Task instructions:
Begin the copy at the line containing "Togbord fra Stoy." in the data below and end it at the line containing "新店舗「I'moon」は、個", keeping each line exact and leaving out pictures.

Records for this exercise:
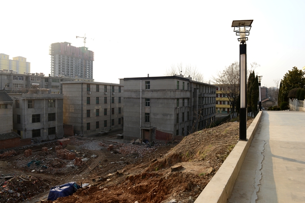 为了使图书馆正门前道路畅通、东西两院径直连通,两楼前边界至少要前移10多米,占地面积共计4.9亩。4.9亩面积虽不大,但却处处是咽喉要地。校长刘建林、纪委书记王思怀多次与市上相关部门联系洽谈,基建处多次配合商州区城关办事处赴东店子社区居民家中洽谈,1月20日学校与所涉及的3户15人达成协议,划定了边界权属,开始平整土地、修筑围墙。
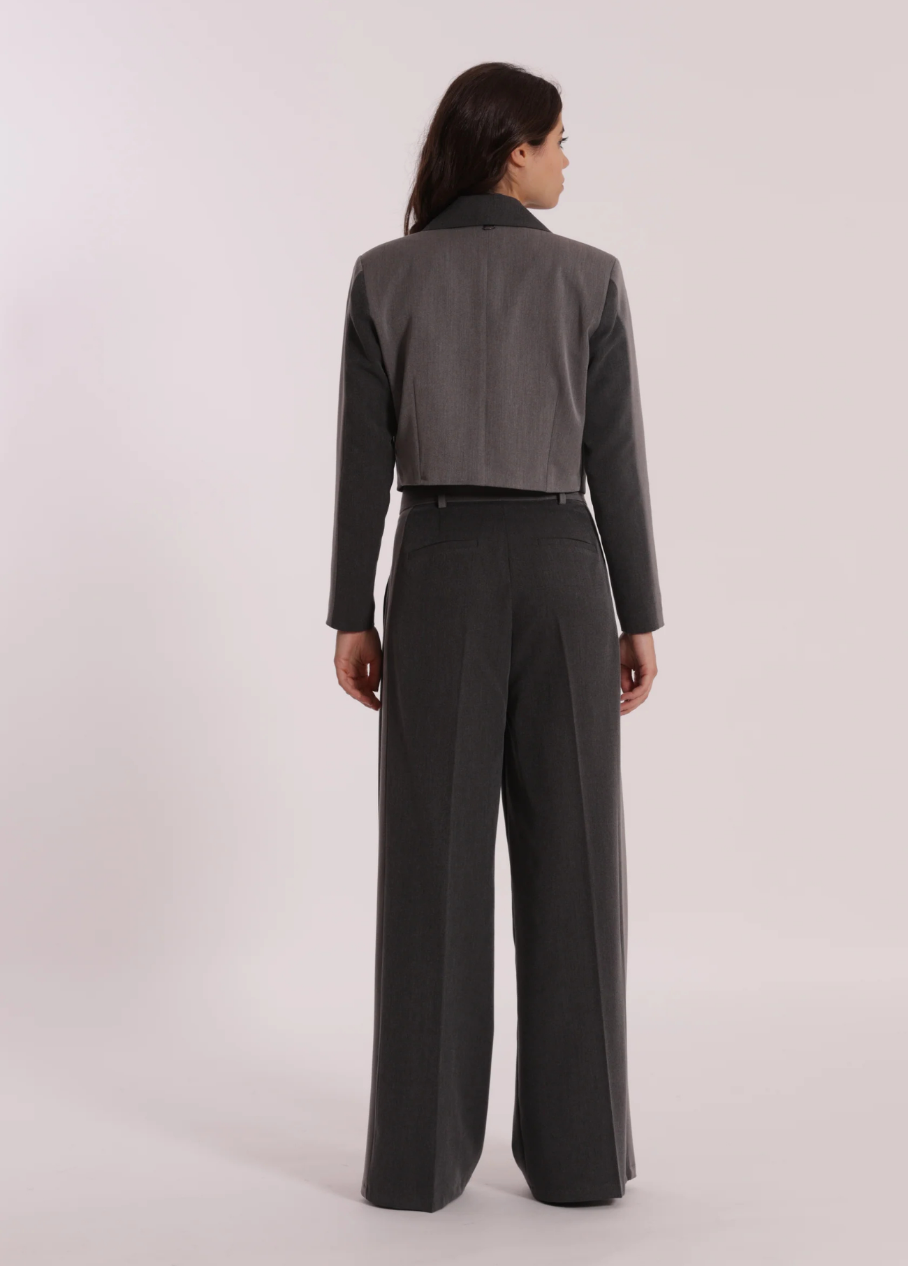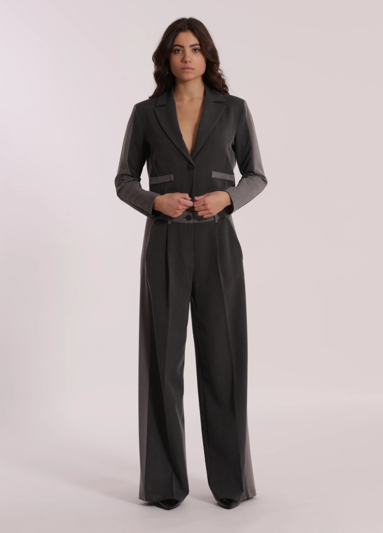 Calças de corte reto e cintura média em tom cinza bicolor, elegantes e versáteis. O design com pregas frontais e caimento fluido garante sofisticação e conforto em qualquer ocasião. Combine com o blazer de conjunto para um look moderno e poderoso.
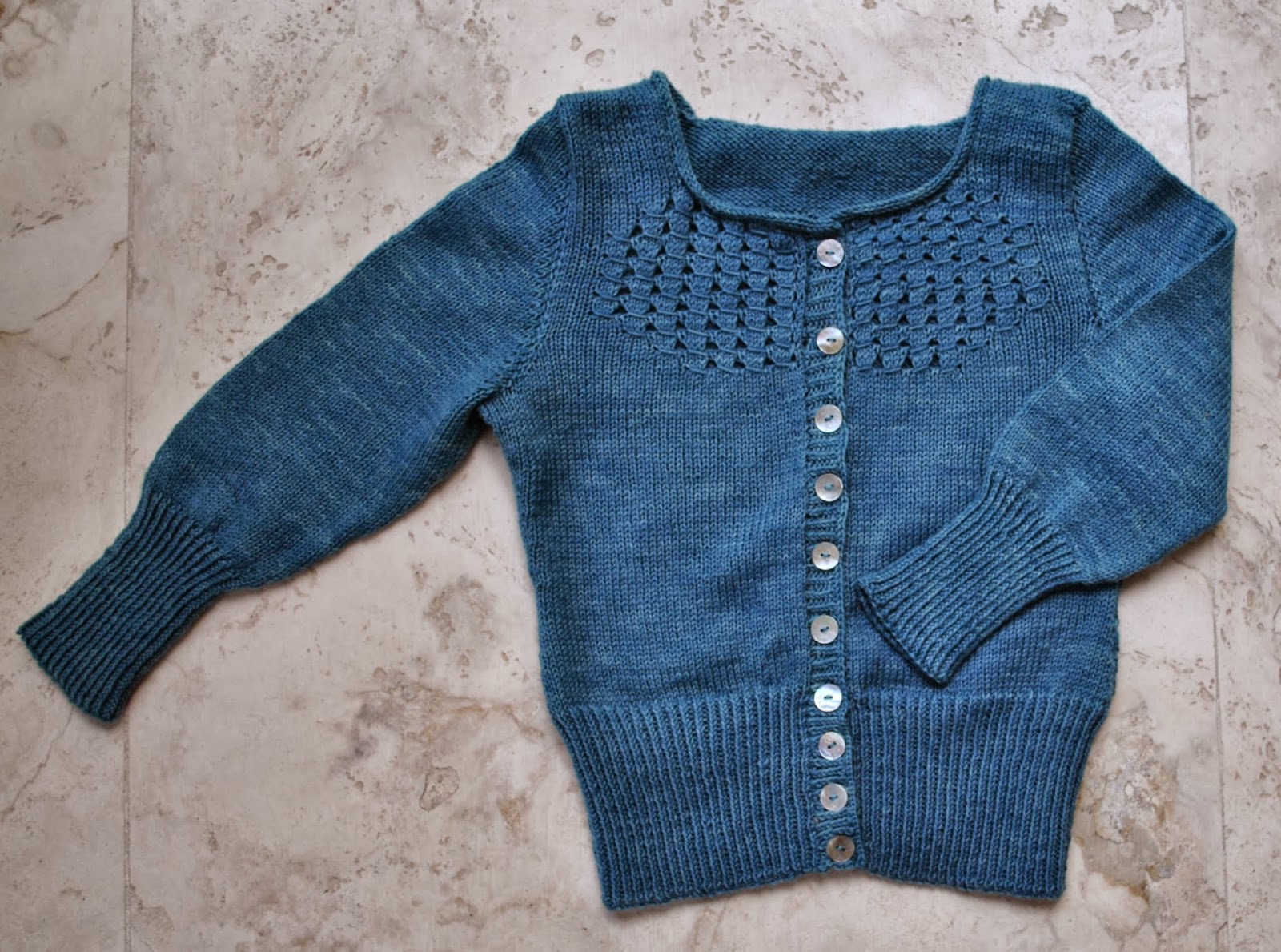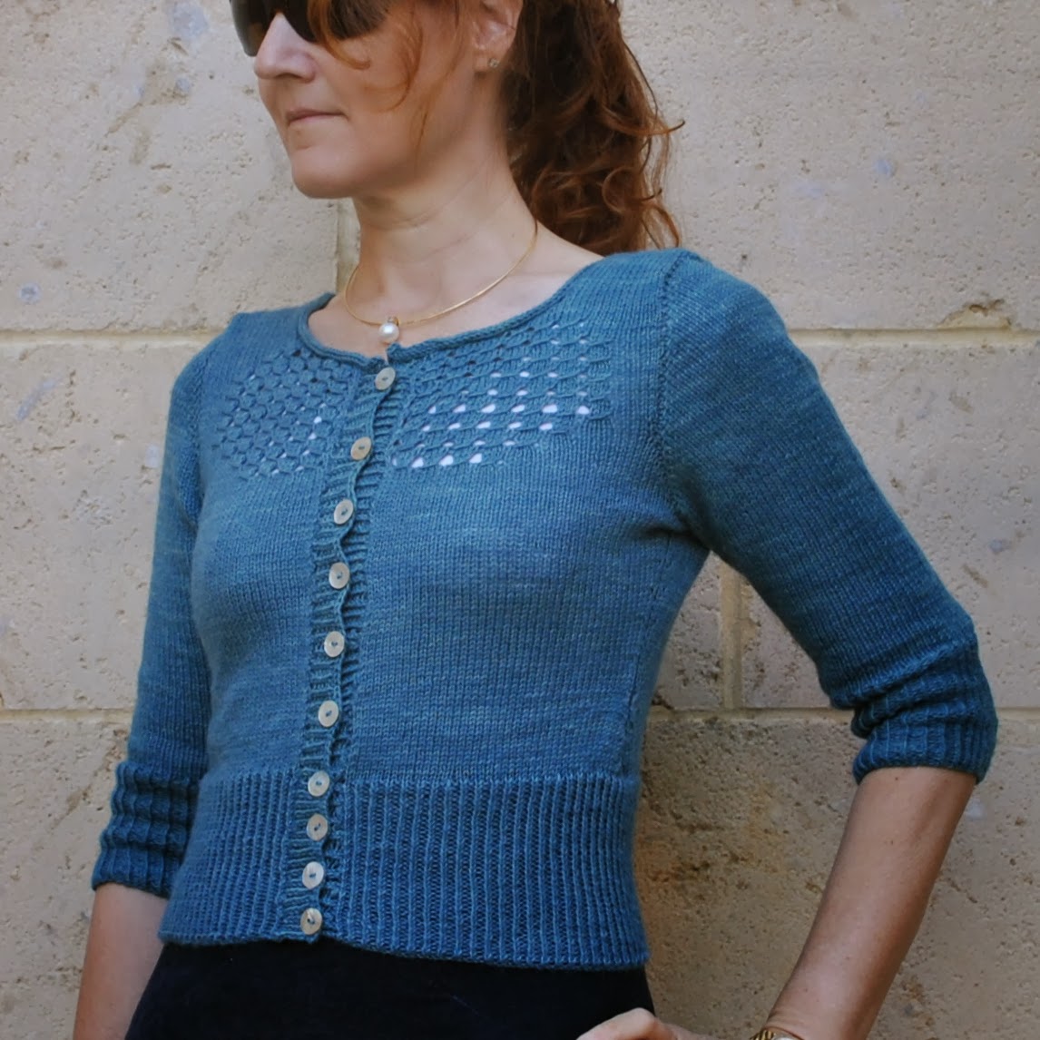 What a pretty little cardigan – great colour and shape for you. I'm starting my winter knitting for winter 2014 already – wouldn't you know it :).
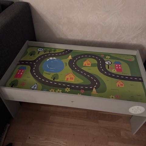 Togbord fra Stoy. Med plate som kan snues. Er noe merker selges derfor billig. Men er fremdeles mye fin lek igjen! Perfekt for en mellom 1 og 3 år.
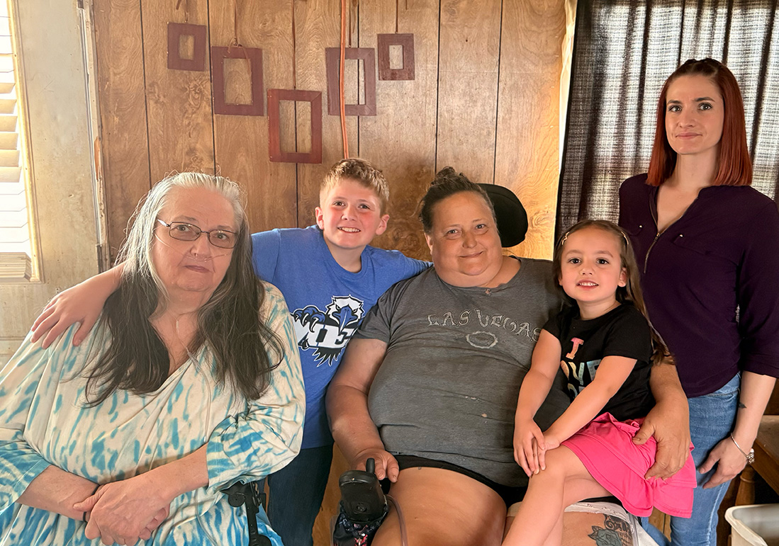 But now, as the years have passed, Lane has become dependent on a walker to move around, she suffers from COPD requiring ongoing oxygen treatment, and she doesn’t get out much. She was hospitalized last year, suffering from a hernia, but she’s home now and her helping goes on. She lives with her daughter Dusty, 46, who suffers from Spina Bifida. Dusty is confined to a wheelchair, has kidney issues that require dialysis, and lost part of one leg not too long ago. She has skin lesions that require daily care.
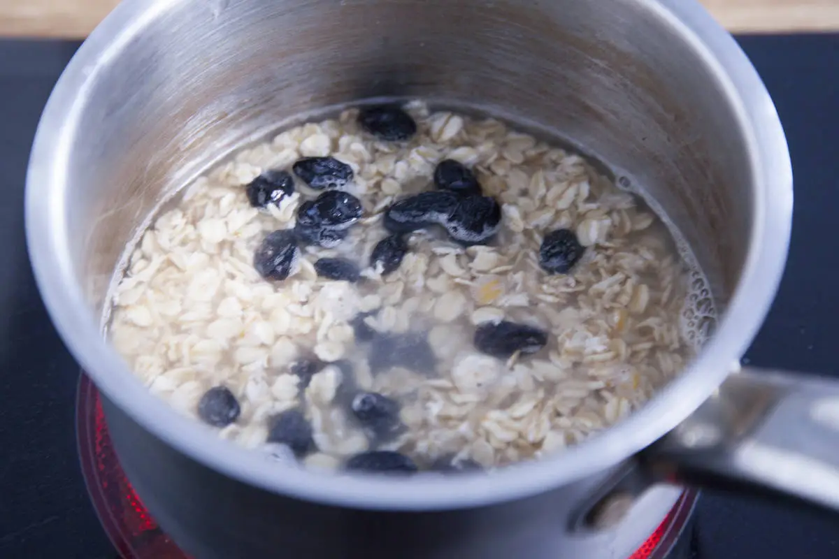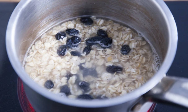 Овсяные хлопья, промытый изюм и сахар залейте водой и варите до готовности каши, около 15-ти минут.
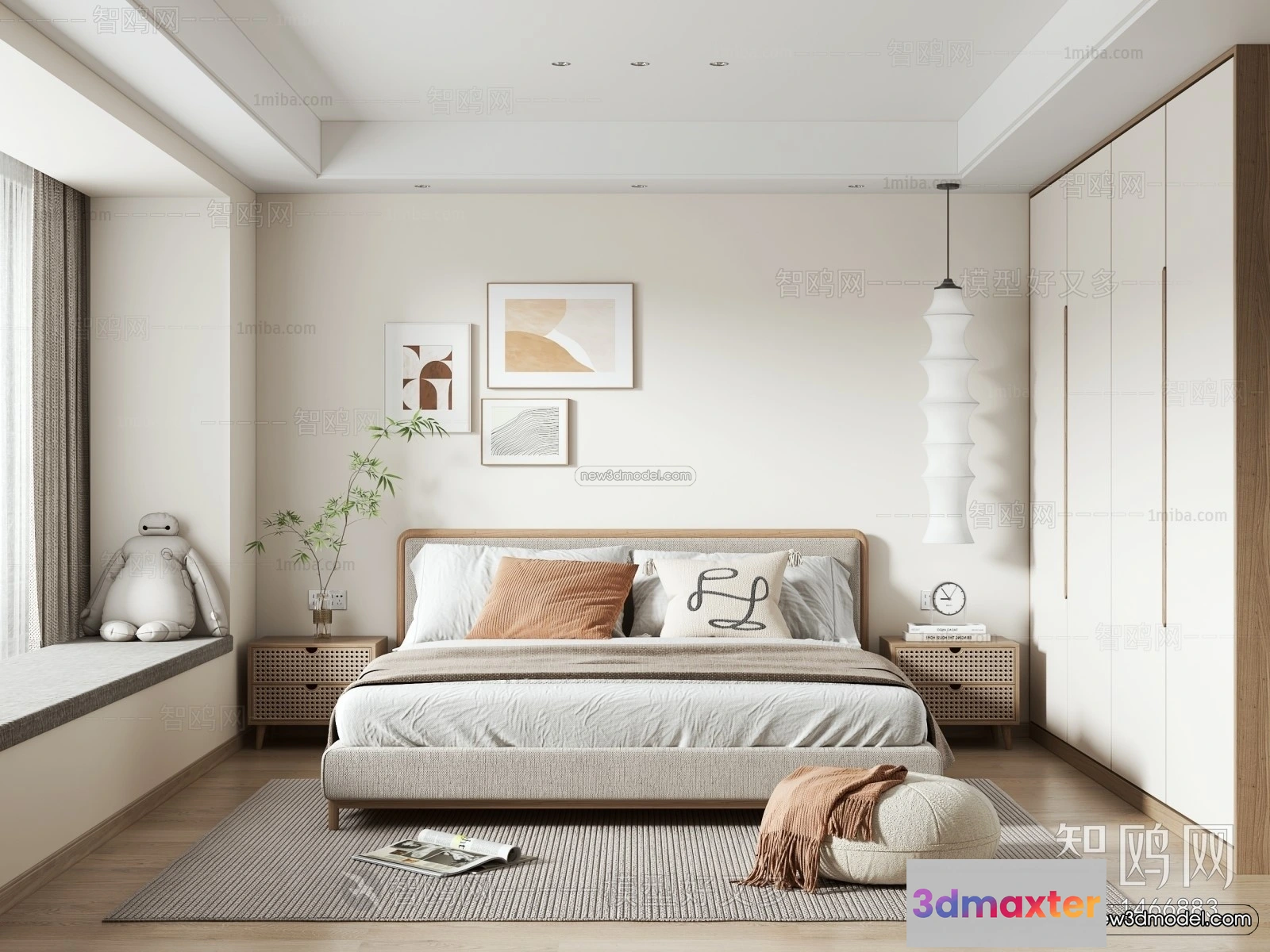 3D Models / 3D Scenes / Interior / Bedroom / Nordic Style Interior 3D Blocks – Bedroom 3D Model – 321 3D Max
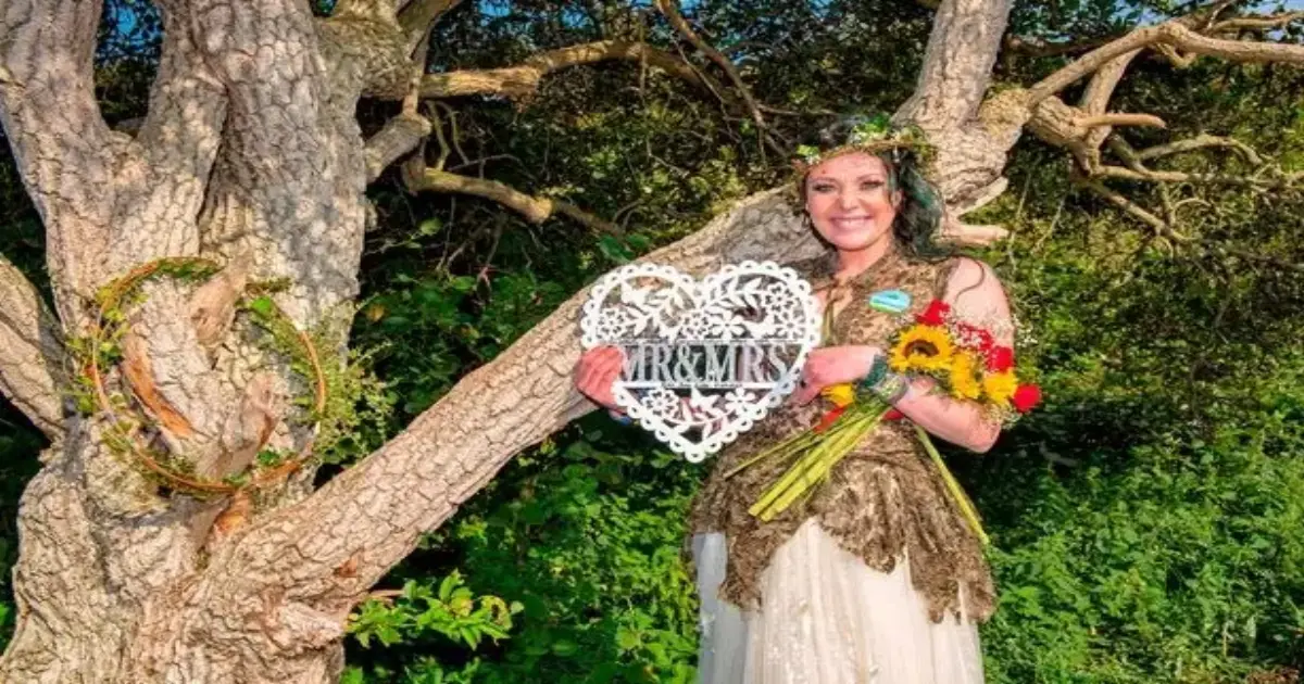 قررت فتاة بريطانية تبلغ من العمر 34 عاما الزواج من شجرة، وأقامت حفل زفاف دعت فيه عائلتها وأصدقائها وجيرانها.
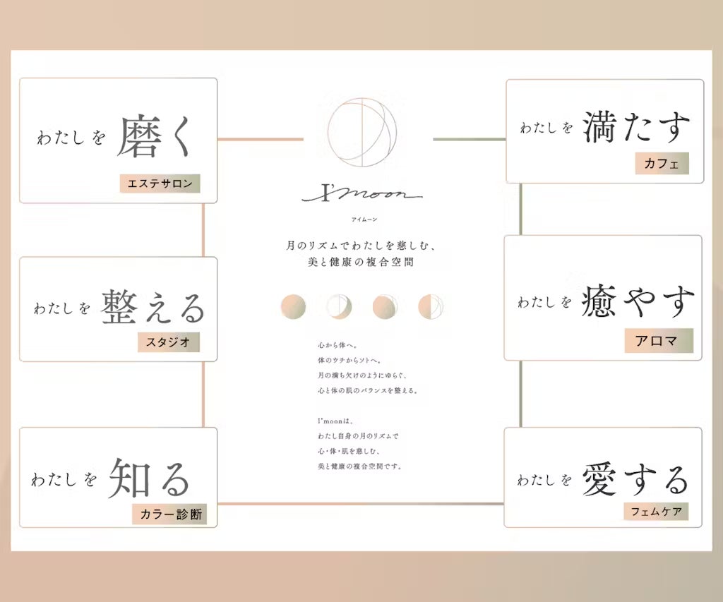 新店舗「I'moon」は、個々の「月のリズム」に合わせた美と健康の整え方を提案し続けます。
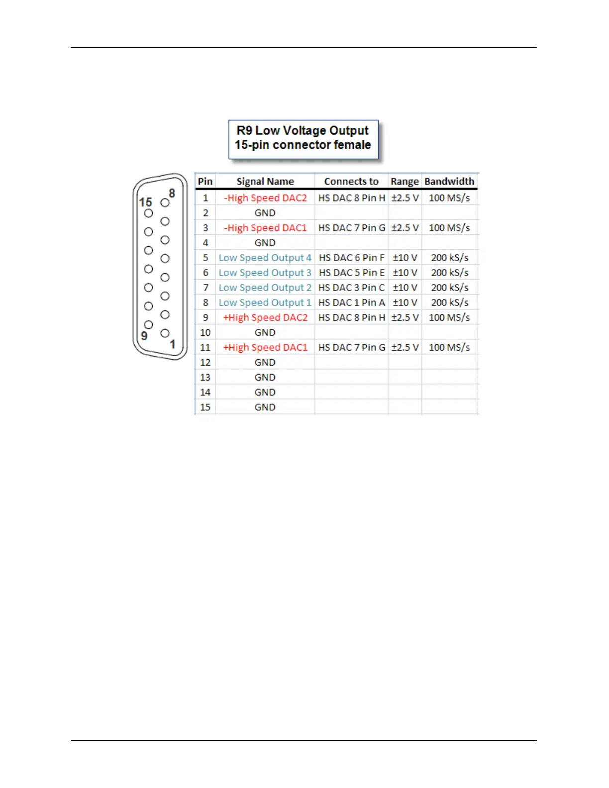 Figure D.7. R9 Low Voltage Outputs 15-Pin Female Connector
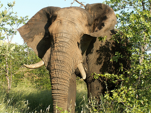 C’est la journée des éléphants : cela commence au point d’eau dès le matin où une famille vient boire, se baigner. Nous surprenons ensuite un énorme mâle !
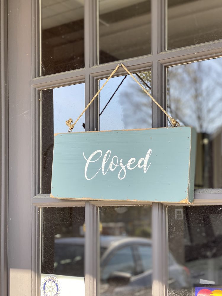 不一会来到小镇中心,教堂也改到线上活动,门可罗雀。有些小店掛上"停止营业“的牌子,餐馆则掛上“仅限外卖”的告示。
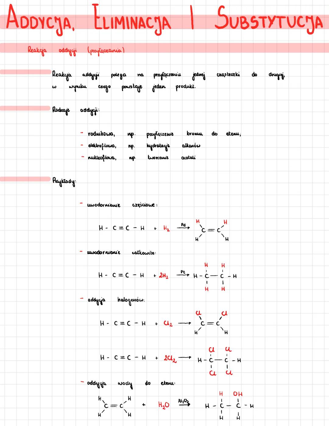 Występują różne rodzaje addycji: rodnikowa (np. przyłączenie bromu do etenu), elektrofilowa (np. hydratacja alkenów) i nukleofilowa (np. tworzenie acetali). W praktyce możesz spotkać się z procesami takimi jak uwodornienie (częściowe lub całkowite), addycja halogenów czy addycja wody.
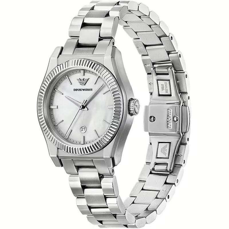 Delicate and luminous, this Emporio Armani watch embellishes the wrist with mother-of-pearl reflections and a discreet elegance, perfect for those who love a refined and feminine style.

Exercise solution:
 Togbord fra Stoy. Med plate som kan snues. Er noe merker selges derfor billig. Men er fremdeles mye fin lek igjen! Perfekt for en mellom 1 og 3 år.
 But now, as the years have passed, Lane has become dependent on a walker to move around, she suffers from COPD requiring ongoing oxygen treatment, and she doesn’t get out much. She was hospitalized last year, suffering from a hernia, but she’s home now and her helping goes on. She lives with her daughter Dusty, 46, who suffers from Spina Bifida. Dusty is confined to a wheelchair, has kidney issues that require dialysis, and lost part of one leg not too long ago. She has skin lesions that require daily care.
 Овсяные хлопья, промытый изюм и сахар залейте водой и варите до готовности каши, около 15-ти минут.
 3D Models / 3D Scenes / Interior / Bedroom / Nordic Style Interior 3D Blocks – Bedroom 3D Model – 321 3D Max
 قررت فتاة بريطانية تبلغ من العمر 34 عاما الزواج من شجرة، وأقامت حفل زفاف دعت فيه عائلتها وأصدقائها وجيرانها.
 新店舗「I'moon」は、個々の「月のリズム」に合わせた美と健康の整え方を提案し続けます。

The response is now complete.